Central Noble High School is a public high school in the town of Albion, Indiana, United States. It is the high school for the Central Noble Community Schools. Students from Albion Elementary, Wolf Lake Elementary, and Central Noble Middle School are sent to the high school after passing the eighth grade.

Mission statement
The mission statement for CNHS is as follows:

"Central Noble High School strives to educate all students to their fullest potential by developing skills and attitudes for success and the desire for lifelong learning."

Ethnicity
Central Noble High School had an enrollment of 436 students as of 2012. A breakdown of the student's ethnicity is displayed below:
 White: 415 students
 Black: 3 students
 Hispanic: 7 students
 Asian: 3 students
 American Indian: 4 students
 Multiracial: 4 students

Athletics

Central Noble High School sports operate under the Indiana High School Athletic Association (IHSAA), in the Northeast Corner Conference (NECC).

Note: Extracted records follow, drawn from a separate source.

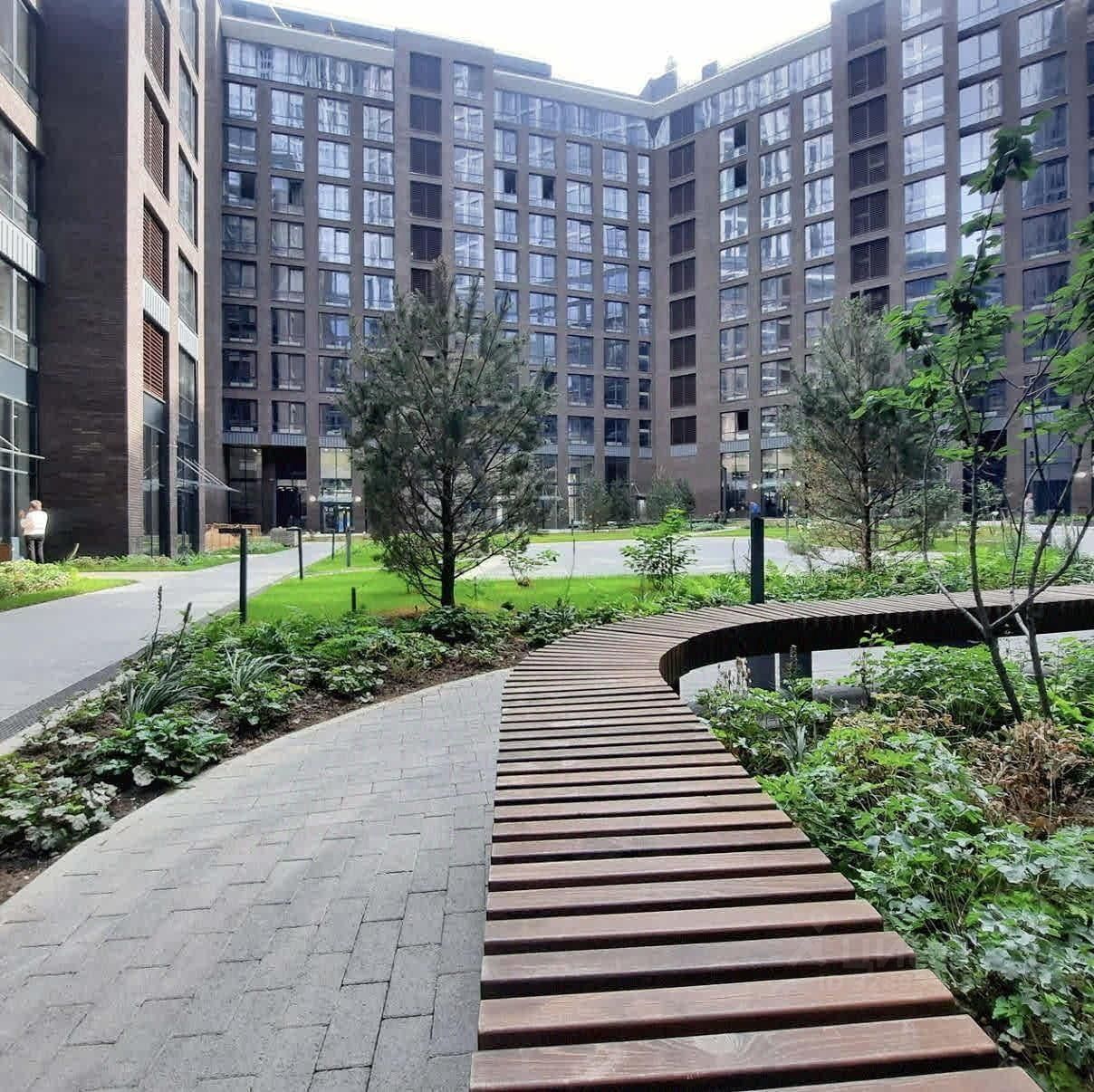 — Зеленые зоны и прогулочные дорожки на территории комплекса.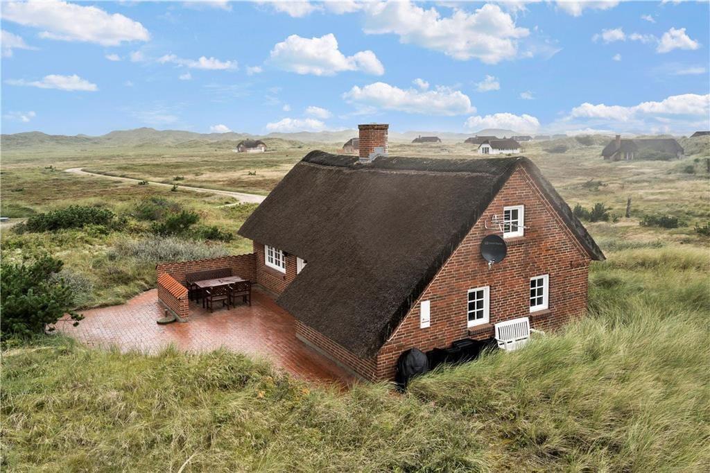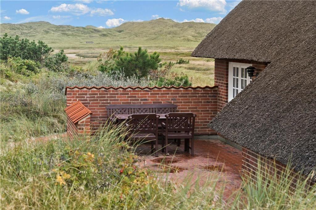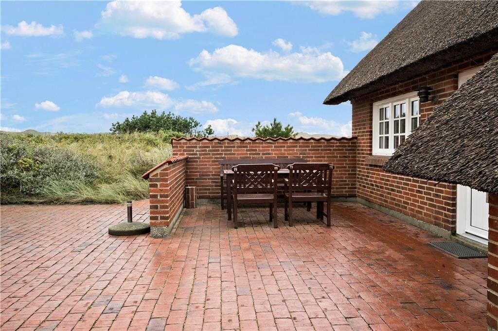 Feriehuset har en dejlig flisebelagt syd-østvendt terrasse med gode havemøbler. Herfra kan man nyde den skønne udsigt og blot slappe af fra hverdagens gøremål. På grunden bag huset er der en klit, hvorpå ejer har opsat en bænk og med hvilken udsigt. Herfra kan man sidde og se solen gå ned i vest bag klitterne.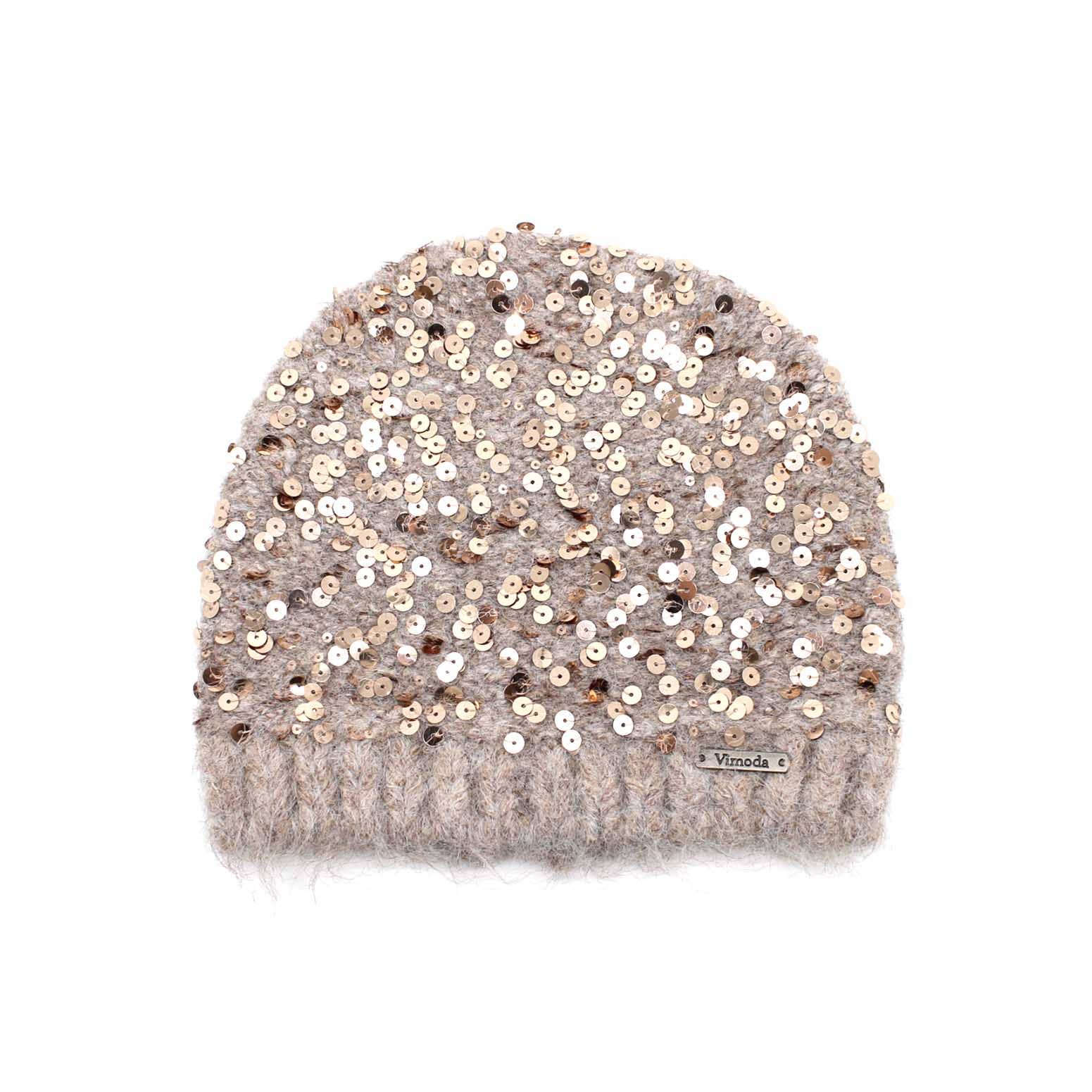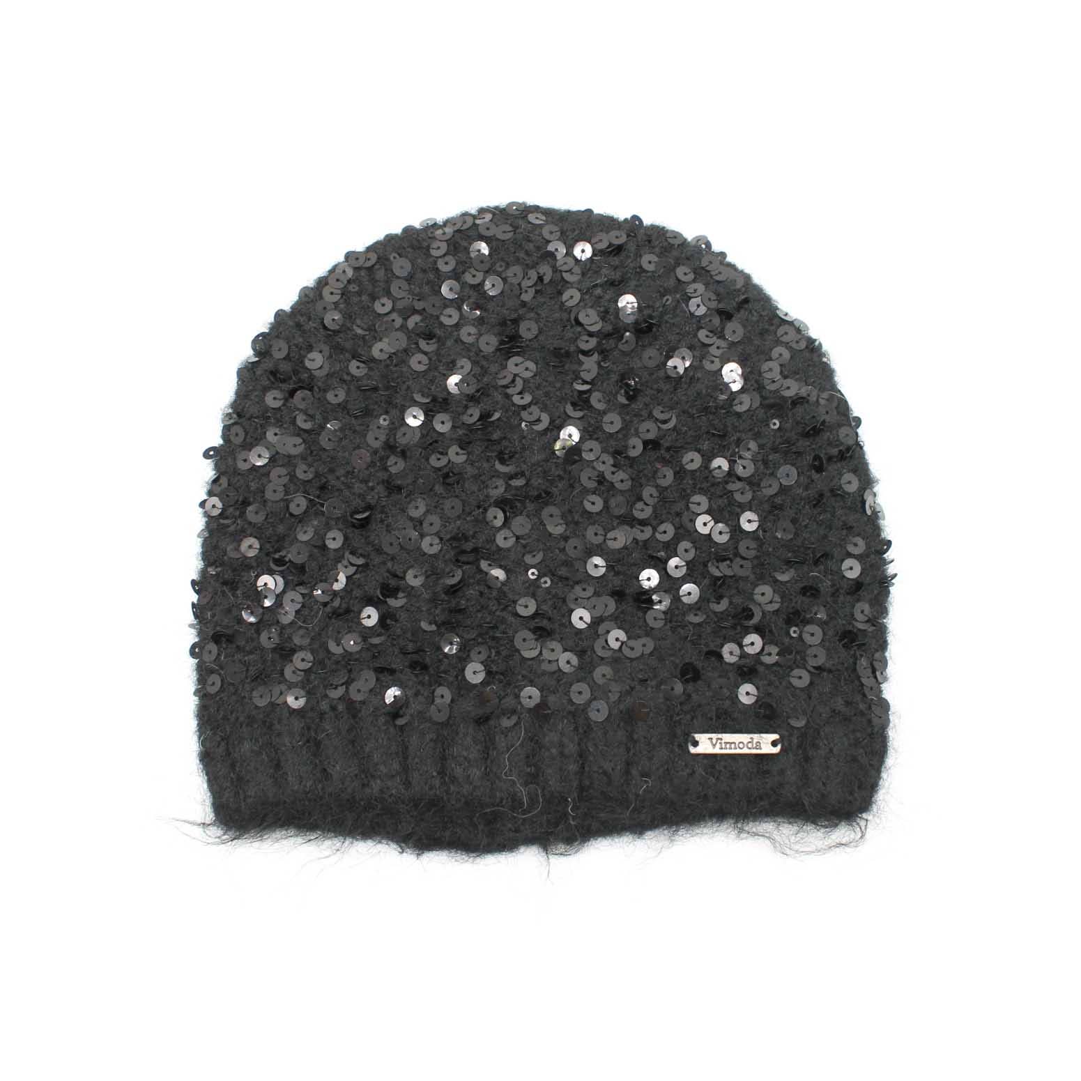 MÜTZE Strickmütze mit Pailletten: SCHWARZ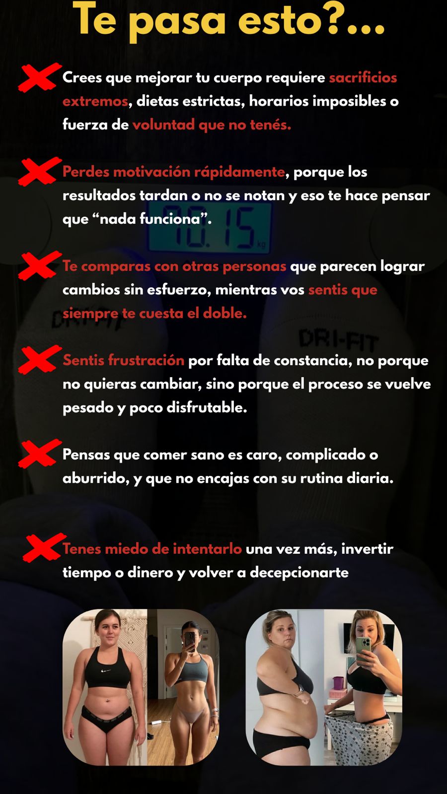 ✨No. El objetivo es que aprendas a comer rico mientras mejorás tu cuerpo, sin culpas ni prohibiciones extremas.

Students have many opportunities to play sports at the high school. To be eligible to play a sport at CNHS a student may have at most one failing grade. A grade check to determine eligibility is performed at the start of the semester preceding the sport the student wishes to play. The sports at CNHS are listed below:

Fall:
 Football (Boys)
 Cross Country (Co-ed)
 Tennis (Boys)
 Volley Ball (Girls)
 Soccer (Boys)
 Soccer (Girls) 
 Cheerleading (Girls)

Winter:
 Basketball (Boys)
 Basketball (Girls) 2018 IHSAA 2A State Champions
 Wrestling (Co-ed)
 Cheerleading (Girls)

Spring:
 Track and Field (Boys)
 Track and Field (Girls)
 Tennis (Girls)
 Golf (Boys)
 Baseball (Boys)
 Softball (Girls)

Alumni 
David Ober (2005) - Former member of the Indiana House of Representatives from the 82nd district, Current Member of the Indiana Utility Regulatory Commission.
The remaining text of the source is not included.